**Required work:** For this exercise, repeat exactly the lines below starting at the line holding "Terraza muy acogedora" and ending at the line holding "a call back...", both included, with no extra lines and no pictures.

**Provided information:**
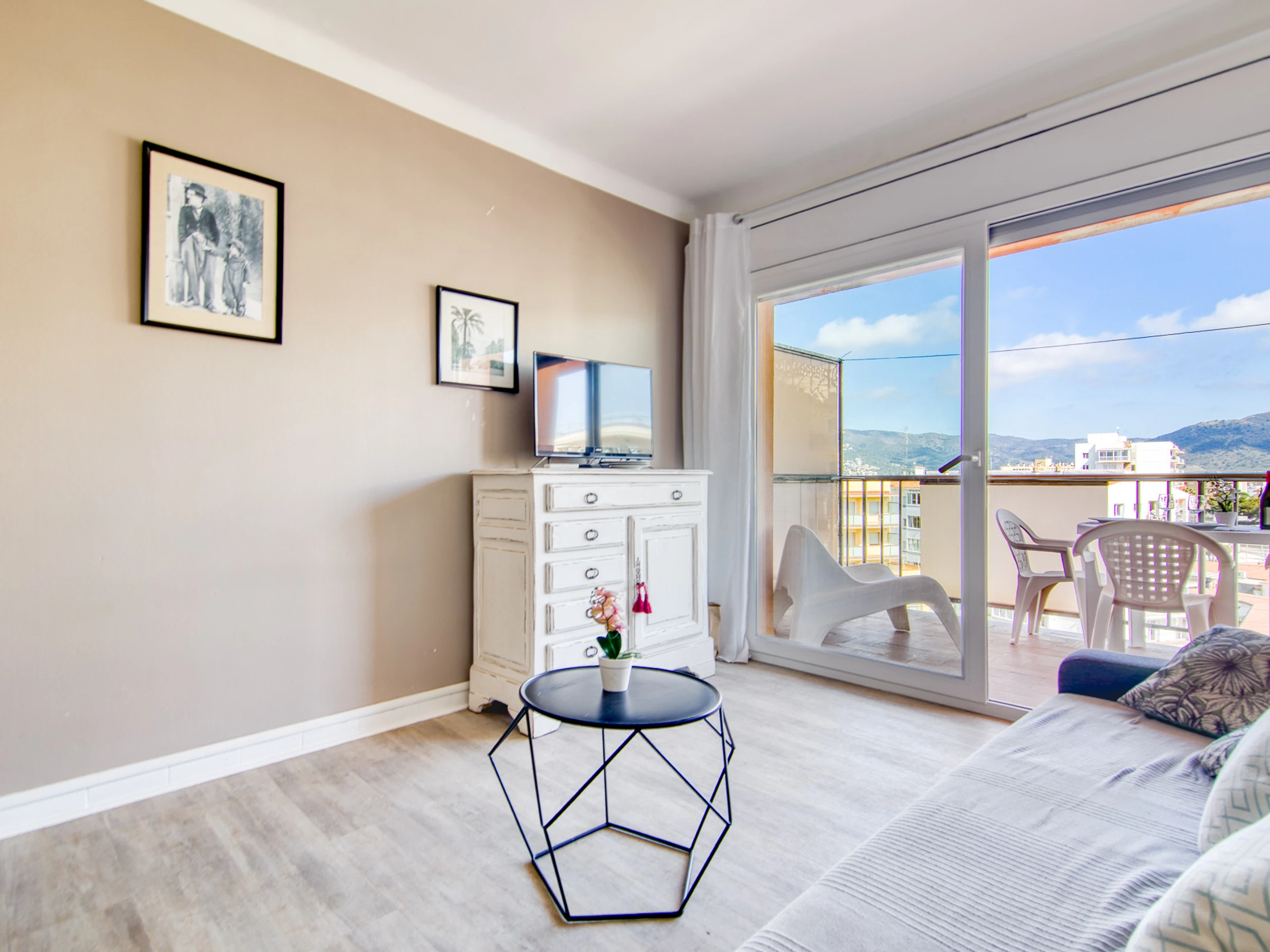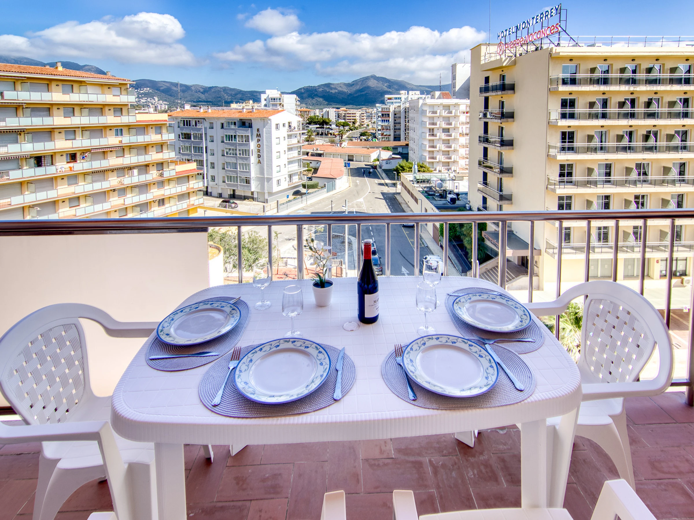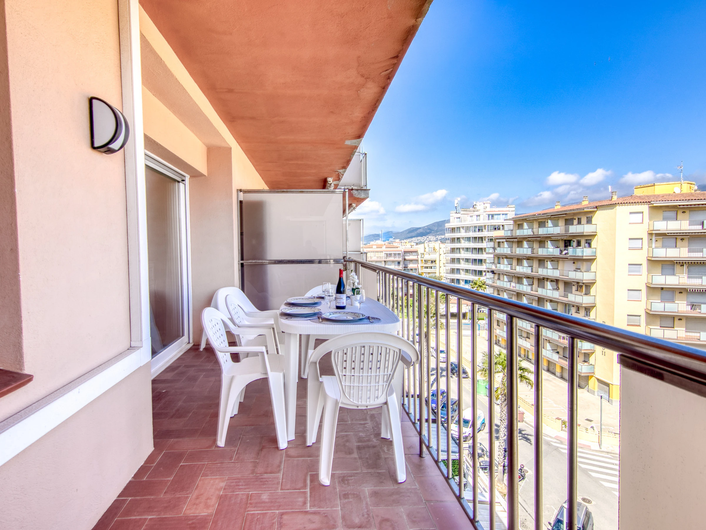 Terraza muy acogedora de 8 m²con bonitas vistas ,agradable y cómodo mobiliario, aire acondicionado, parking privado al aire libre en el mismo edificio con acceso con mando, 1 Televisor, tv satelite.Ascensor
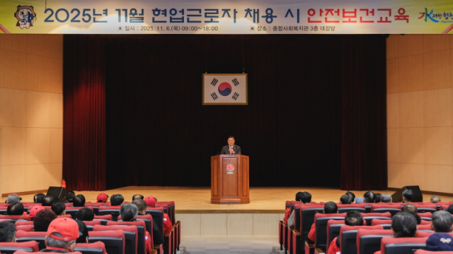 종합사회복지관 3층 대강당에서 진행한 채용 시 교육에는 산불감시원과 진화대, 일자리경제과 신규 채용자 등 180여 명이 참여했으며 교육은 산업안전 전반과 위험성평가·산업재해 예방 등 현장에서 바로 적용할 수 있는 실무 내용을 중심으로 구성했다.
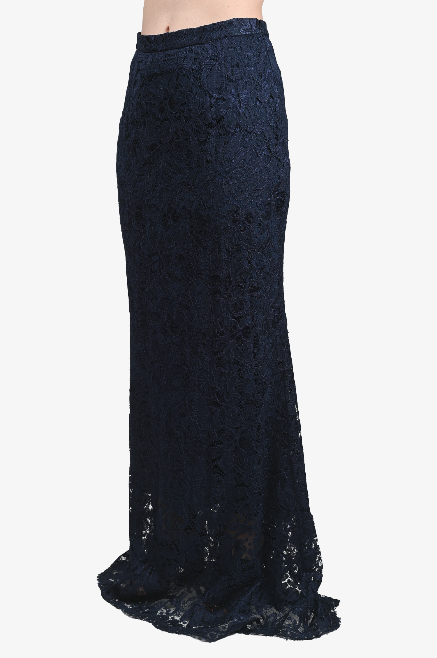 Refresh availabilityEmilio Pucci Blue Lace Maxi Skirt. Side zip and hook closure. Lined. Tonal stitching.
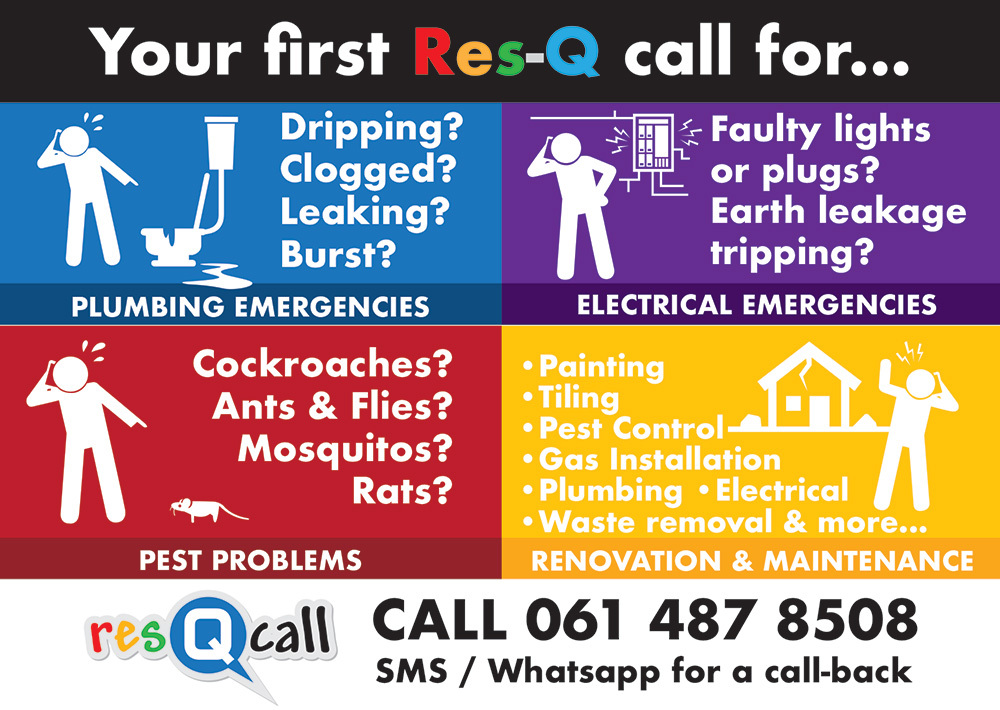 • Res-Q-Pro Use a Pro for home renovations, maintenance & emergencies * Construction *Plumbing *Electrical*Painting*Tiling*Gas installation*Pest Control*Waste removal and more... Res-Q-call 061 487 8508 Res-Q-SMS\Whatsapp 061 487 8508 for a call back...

==

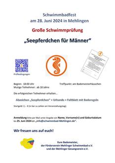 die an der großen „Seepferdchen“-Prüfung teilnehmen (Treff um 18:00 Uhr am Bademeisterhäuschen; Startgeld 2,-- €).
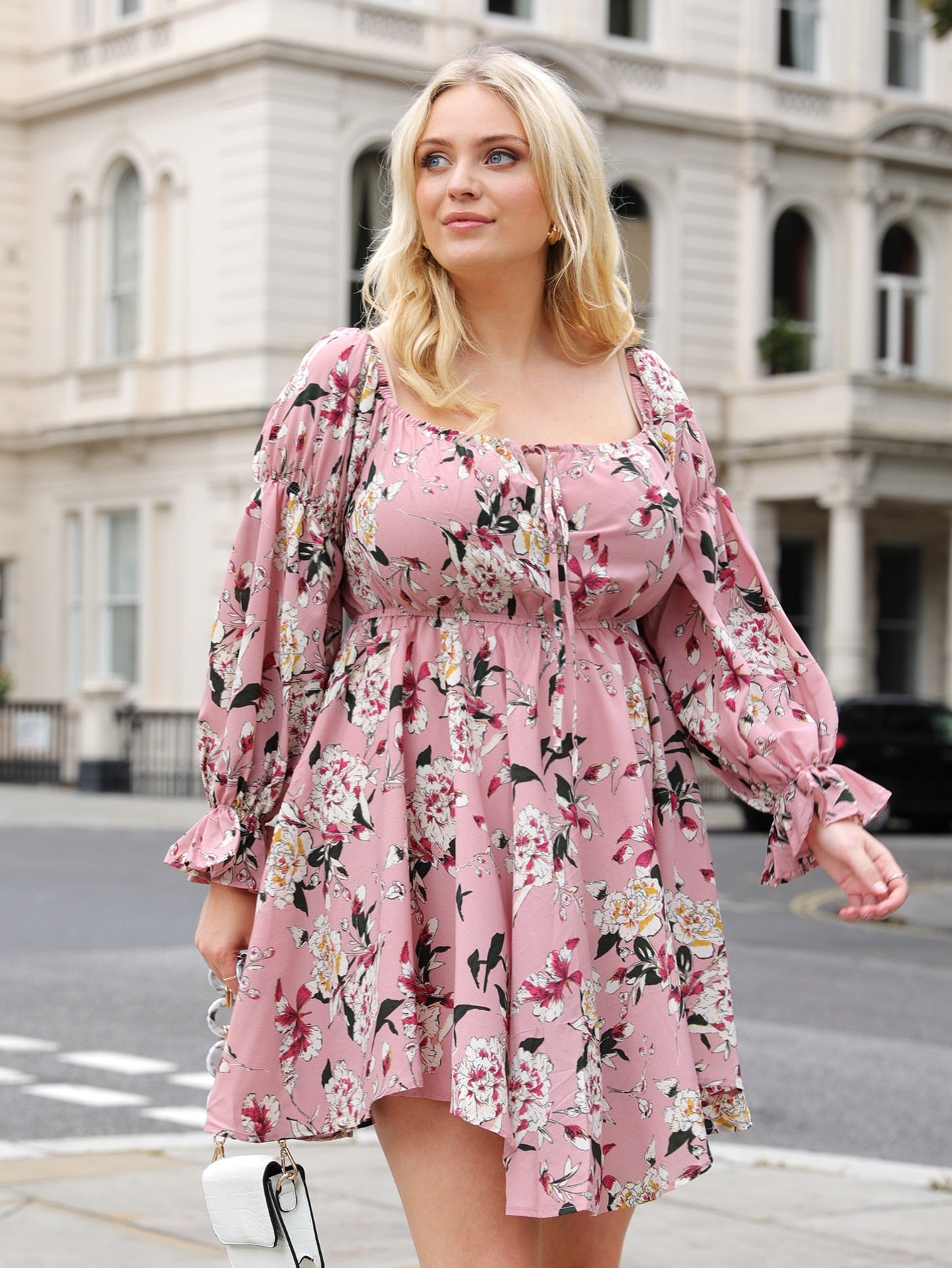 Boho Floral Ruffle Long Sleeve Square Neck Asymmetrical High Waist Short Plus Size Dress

...

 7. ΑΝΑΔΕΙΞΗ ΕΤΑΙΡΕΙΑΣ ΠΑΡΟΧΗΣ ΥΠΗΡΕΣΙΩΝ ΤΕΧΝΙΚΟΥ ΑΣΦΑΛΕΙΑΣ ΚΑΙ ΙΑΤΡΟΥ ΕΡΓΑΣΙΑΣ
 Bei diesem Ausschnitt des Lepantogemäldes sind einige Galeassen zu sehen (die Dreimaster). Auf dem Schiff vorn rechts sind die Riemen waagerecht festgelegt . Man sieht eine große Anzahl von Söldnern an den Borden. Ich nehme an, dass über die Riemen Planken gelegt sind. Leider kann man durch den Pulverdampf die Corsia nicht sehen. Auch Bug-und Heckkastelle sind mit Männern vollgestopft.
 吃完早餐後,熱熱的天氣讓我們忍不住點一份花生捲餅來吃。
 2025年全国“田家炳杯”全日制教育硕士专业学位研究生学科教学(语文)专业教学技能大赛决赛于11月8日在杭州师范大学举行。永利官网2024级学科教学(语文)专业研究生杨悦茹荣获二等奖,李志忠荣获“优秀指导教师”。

**Completed task:**
 Terraza muy acogedora de 8 m²con bonitas vistas ,agradable y cómodo mobiliario, aire acondicionado, parking privado al aire libre en el mismo edificio con acceso con mando, 1 Televisor, tv satelite.Ascensor
 종합사회복지관 3층 대강당에서 진행한 채용 시 교육에는 산불감시원과 진화대, 일자리경제과 신규 채용자 등 180여 명이 참여했으며 교육은 산업안전 전반과 위험성평가·산업재해 예방 등 현장에서 바로 적용할 수 있는 실무 내용을 중심으로 구성했다.
 Refresh availabilityEmilio Pucci Blue Lace Maxi Skirt. Side zip and hook closure. Lined. Tonal stitching.
 • Res-Q-Pro Use a Pro for home renovations, maintenance & emergencies * Construction *Plumbing *Electrical*Painting*Tiling*Gas installation*Pest Control*Waste removal and more... Res-Q-call 061 487 8508 Res-Q-SMS\Whatsapp 061 487 8508 for a call back...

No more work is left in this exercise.